Yeah, it still shows no matter what


----------



## Jesse (Jan 3, 2013)

anyone?


----------



## Waterdonkey (Jan 3, 2013)

Same boat. Strange thing is that for a while mine would disappear intermittently too but now it stays. I think its some combo of info settings before you press rec-but I can't figure out what. 

Here's to hoping Canon includes this in the April firmware update.


----------



## TommyLee (Jan 4, 2013)

I seldom use these features..
but if I set...... FaceRec...... in live view...
the rectangle appears with a 1/2 press then goes away with removal of 1/2 press...

I got there from Aperture mode...if that matters...

just played with it....

hope this helps...I want to understand all these features


----------



## Axilrod (Jan 4, 2013)

Turn off the AF on your lens, that's the only thing that I noticed had an effect on it. I used my Zeiss lens to test earlier and it didn't show up, then I threw on the 14L and the box, hit record and it was on the screen and wouldn't go away. Turned the AF off and it went away as soon as I hit record.


----------



## risc32 (Jan 4, 2013)

what tommylee said. go into the "shooting" area of the menu(red borders) 4th page , second thing down, AF mode. change it to the smiley face. 

this must be what i activated one day while fooling around with video stuff. I swear this thing was recognizing faces and setting either exp or focus. what i don't understand is how it was doing that. i thought only the 1dx could do that stuff. i swear i wasn't imagining it.....


----------



## Axilrod (Jan 4, 2013)

risc32 said:


> what tommylee said. go into the "shooting" area of the menu(red borders) 4th page , second thing down, AF mode. change it to the smiley face.
> 
> this must be what i activated one day while fooling around with video stuff. I swear this thing was recognizing faces and setting either exp or focus. what i don't understand is how it was doing that. i thought only the 1dx could do that stuff. i swear i wasn't imagining it.....

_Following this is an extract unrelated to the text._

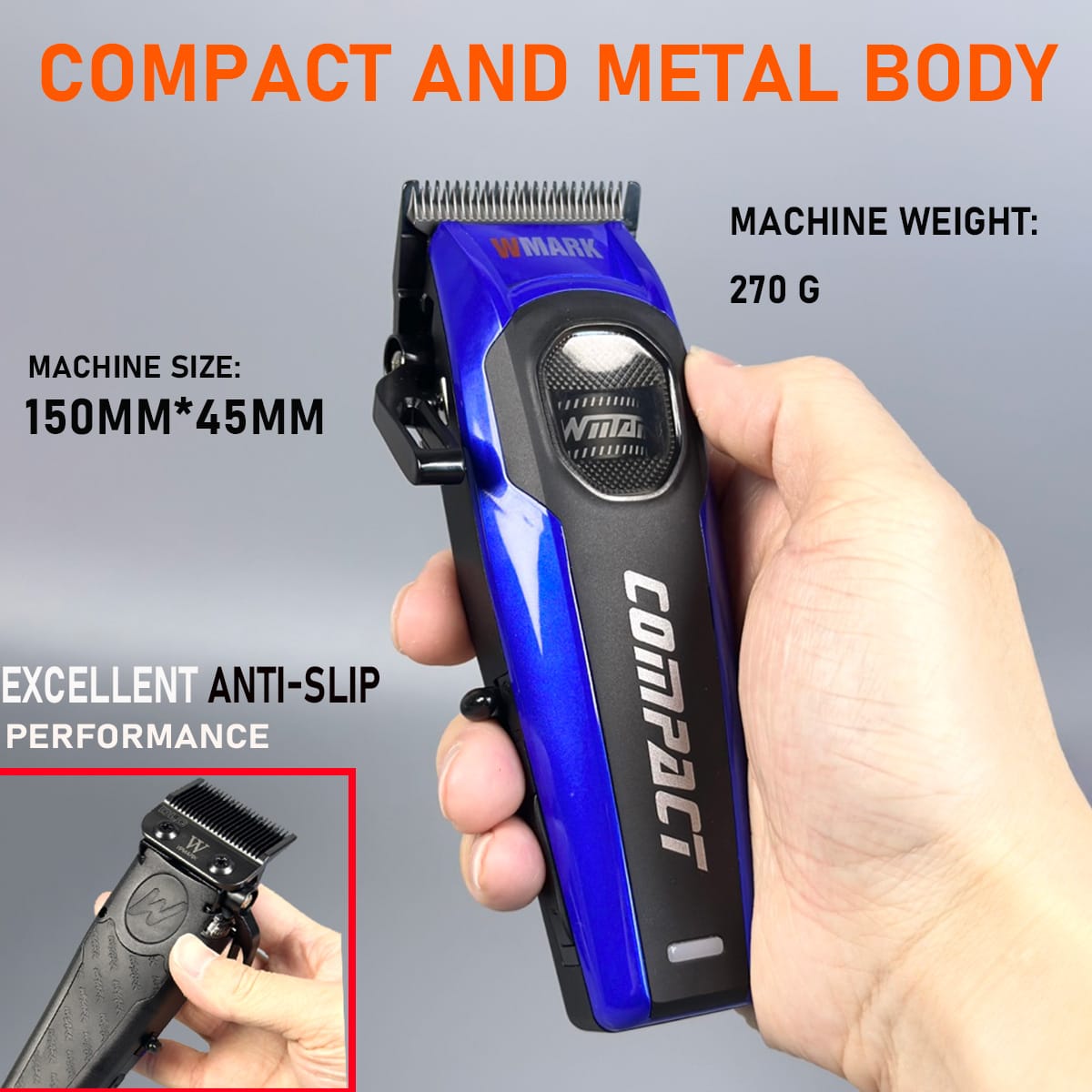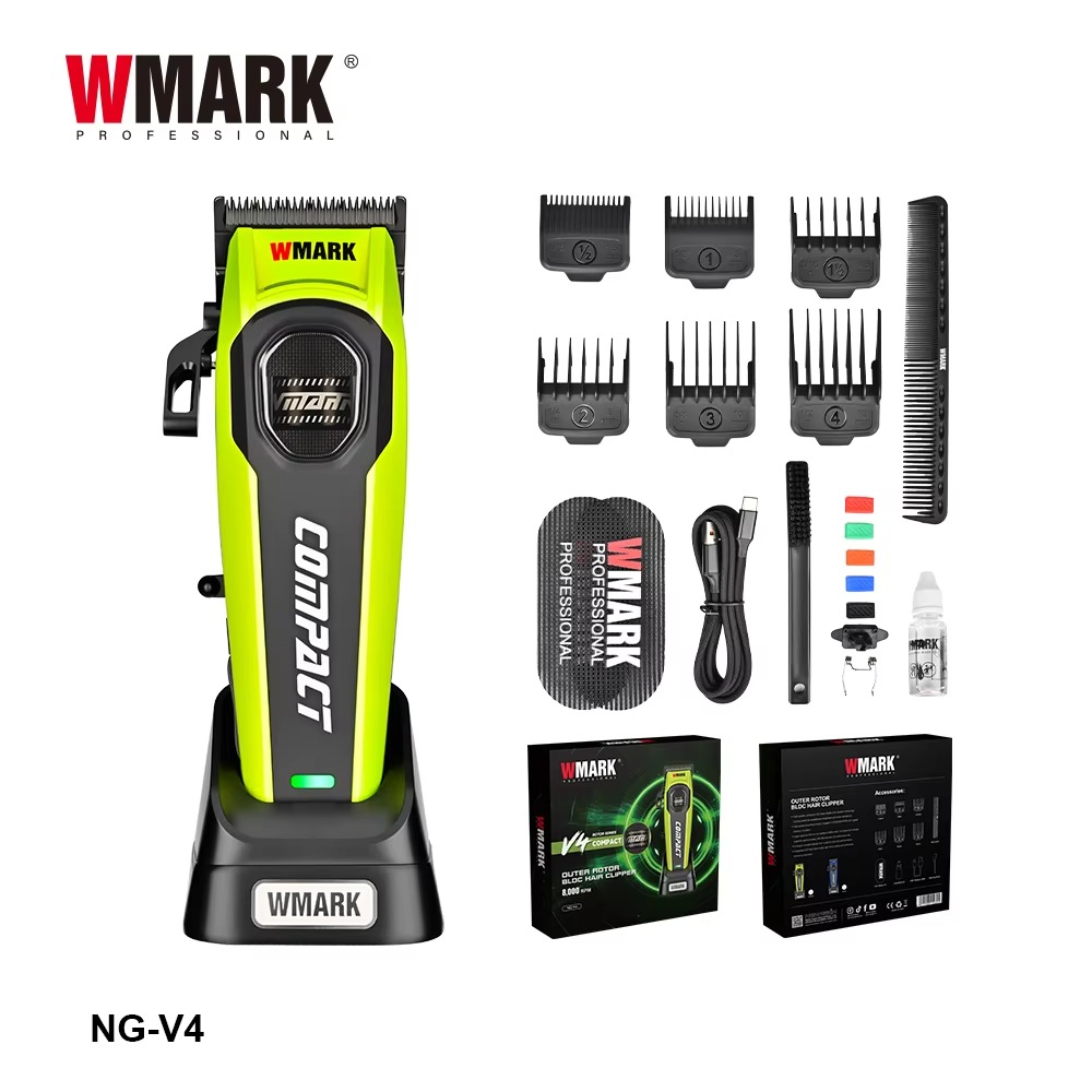 WMARK NG-V4 este o mașină de tuns profesională compactă, concepută pentru precizie, control și utilizare intensivă în barber shop. Datorită motorului brushless, lamei DLC și autonomiei extinse, acest model oferă o experiență de tuns fluidă, fără smulgere și cu rezultate uniforme.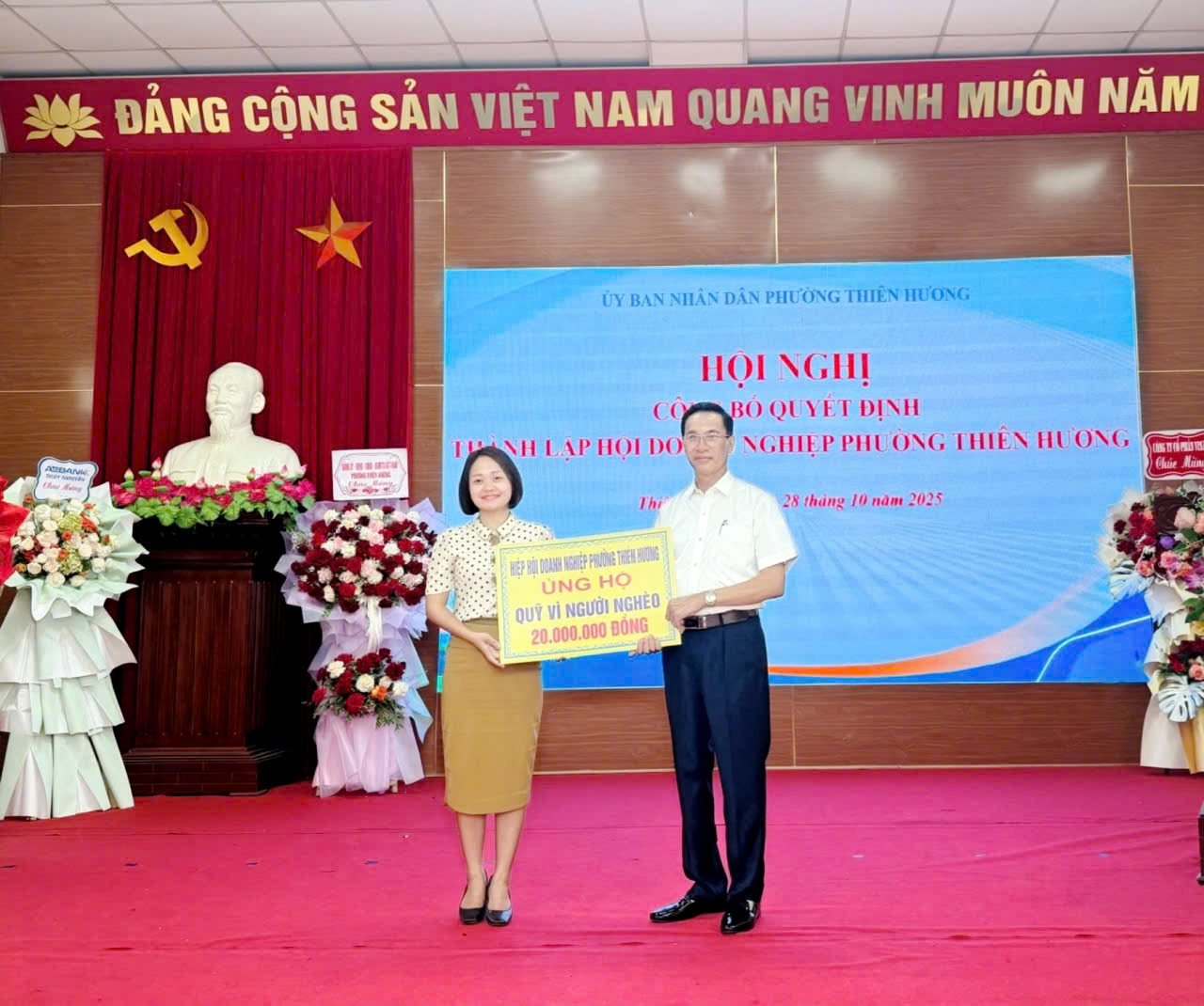 🌿🍁Đặc biệt, tại Hội nghị, thể hiện tinh thần trách nhiệm xã hội và tấm lòng nhân ái, Hội Doanh nghiệp phường Thiên Hương đã trao tặng 20 triệu đồng ủng hộ Quỹ “Vì người nghèo” phường Thiên Hương – một nghĩa cử cao đẹp, lan tỏa tinh thần “Doanh nghiệp đồng hành cùng địa phương vì cộng đồng no ấm, hạnh phúc.”

I dont think he's talking about face detection though, just the rectangle that you can move around to designate what portion of the screen is magnified.


----------



## BrandonKing96 (Jan 4, 2013)

Axilrod said:


> Turn off the AF on your lens, that's the only thing that I noticed had an effect on it. I used my Zeiss lens to test earlier and it didn't show up, then I threw on the 14L and the box, hit record and it was on the screen and wouldn't go away. Turned the AF off and it went away as soon as I hit record.


+1


----------



## Jesse (Jan 4, 2013)

Thanks guys, both things worked.


----------